• INSTRUCTIONS TO FOLLOW:
Output all entries precisely and leave out the pictures.

(EXTRACTED MATERIAL)

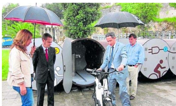
La alcaldesa y el delegado de la empresa visitaron uno de los depósitos de bicis. P.A.

La villa contará con una decena de bicis eléctricas
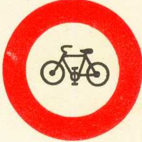
rys. II A - 13
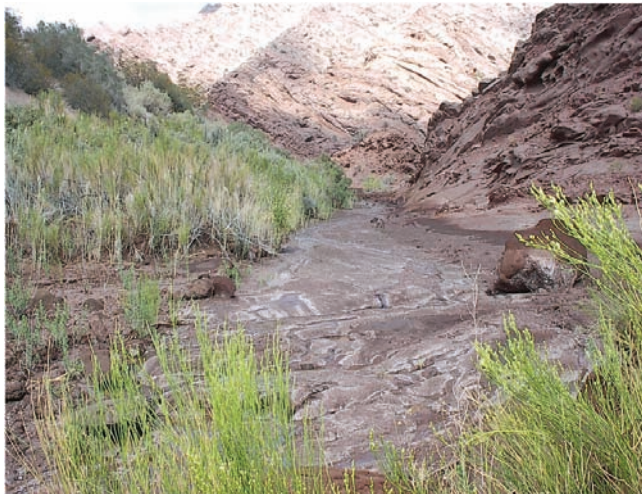
Río arreico ubicado en la localidad de Vinchina, La Rioja. Pueden observarse en la foto las deposiciones de hidrocarburos (manchas oscuras) y sales (manchas blancas).

tes cloacales crudos. Constituye un fenómeno global que está en crecimiento y afecta a ríos, lagos y humedales. Sus consecuencias pueden verse magnificadas como consecuencia del cambio climático y por el incremento de la demanda de agua para consumo humano, en especial en regiones áridas. Según la Organización Mundial de la Salud, en 2008 el 37% de la población mundial sin acceso a agua potable estaba en el África subsahariana.
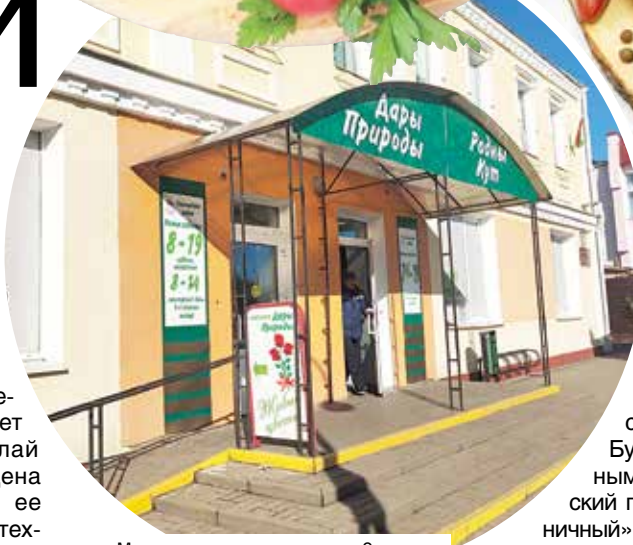
«Мясная лавка» в агрогородке Ольшаны

сыровяленых колбас, но и копчено-вареных продуктов из свинины, говядины и мяса птицы.
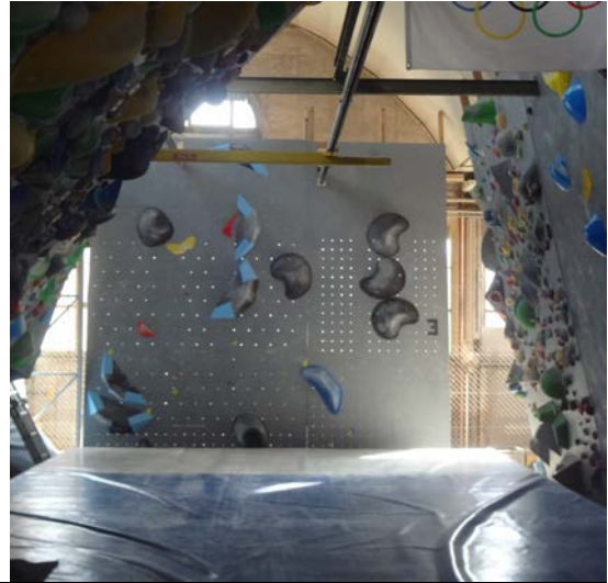
Bundesamt für Sport BASPO Sportpolitik und Ressourcen
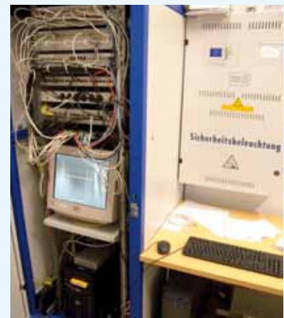
Serverraum im Gemeindeamt

Plänen und die Verarbeitung von digitalen Fotos erfordert einen guten Arbeitsspeicher und entsprechende Speicherkapazitäten auf der Festplatte bzw. auf einer externen Speicherhardware. Somit verfügt die Gemeindeverwaltung über moderne Computeranlagen zur Bewerkstelligung der täglichen Aufgaben.
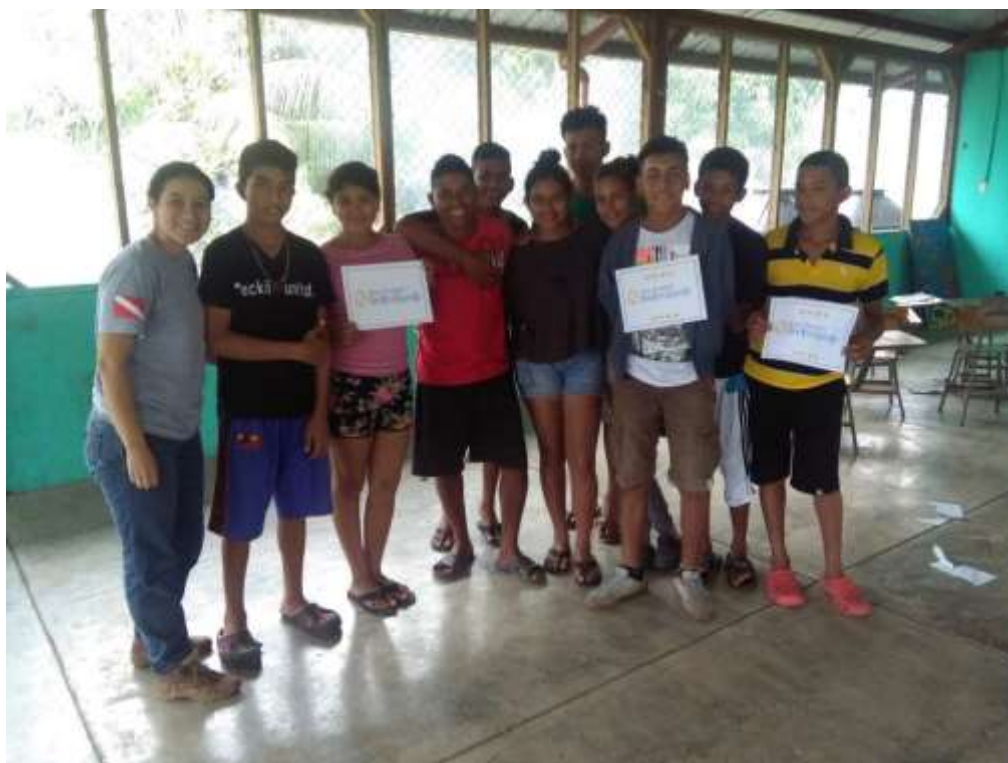
Anexo 4. Involucramiento de jóvenes de El Quetzalito en Programa R&S
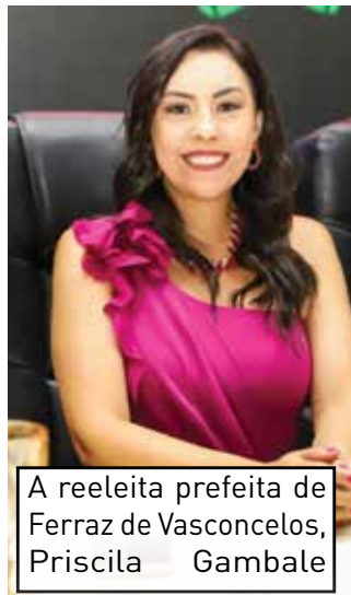
A reeleita prefeita de Ferraz de Vasconcelos, Priscila Gambale

O ano também foi marcado pelas posses de vários nomes no cenário político. Claro que a coluna traz alguns nomes que assumiram o mandato no dia 01 de janeiro e que com muita responsabilidade e trabalho mostrarão que o resultado das urnas fez valer a vitória de cada um deles. Desejo a todos muita sabedoria e saúde a frente do executivo de suas cidades. Contem conosco sempre!!!
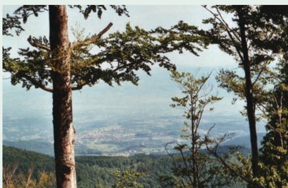
Панорамски поглед ка Морави Panoramic view on Morava
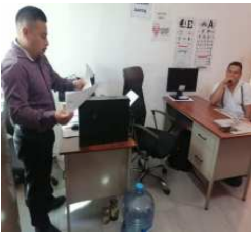
GESTION DE PINTURA PARA LA IGLESIA DE YAXLEY

(End EXTRACTED MATERIAL)

• OUTPUT FOR THIS TASK:
La alcaldesa y el delegado de la empresa visitaron uno de los depósitos de bicis. P.A.

La villa contará con una decena de bicis eléctricas
rys. II A - 13
Río arreico ubicado en la localidad de Vinchina, La Rioja. Pueden observarse en la foto las deposiciones de hidrocarburos (manchas oscuras) y sales (manchas blancas).

tes cloacales crudos. Constituye un fenómeno global que está en crecimiento y afecta a ríos, lagos y humedales. Sus consecuencias pueden verse magnificadas como consecuencia del cambio climático y por el incremento de la demanda de agua para consumo humano, en especial en regiones áridas. Según la Organización Mundial de la Salud, en 2008 el 37% de la población mundial sin acceso a agua potable estaba en el África subsahariana.
«Мясная лавка» в агрогородке Ольшаны

сыровяленых колбас, но и копчено-вареных продуктов из свинины, говядины и мяса птицы.
Bundesamt für Sport BASPO Sportpolitik und Ressourcen
Serverraum im Gemeindeamt

Plänen und die Verarbeitung von digitalen Fotos erfordert einen guten Arbeitsspeicher und entsprechende Speicherkapazitäten auf der Festplatte bzw. auf einer externen Speicherhardware. Somit verfügt die Gemeindeverwaltung über moderne Computeranlagen zur Bewerkstelligung der täglichen Aufgaben.
Anexo 4. Involucramiento de jóvenes de El Quetzalito en Programa R&S
A reeleita prefeita de Ferraz de Vasconcelos, Priscila Gambale

O ano também foi marcado pelas posses de vários nomes no cenário político. Claro que a coluna traz alguns nomes que assumiram o mandato no dia 01 de janeiro e que com muita responsabilidade e trabalho mostrarão que o resultado das urnas fez valer a vitória de cada um deles. Desejo a todos muita sabedoria e saúde a frente do executivo de suas cidades. Contem conosco sempre!!!
Панорамски поглед ка Морави Panoramic view on Morava
GESTION DE PINTURA PARA LA IGLESIA DE YAXLEY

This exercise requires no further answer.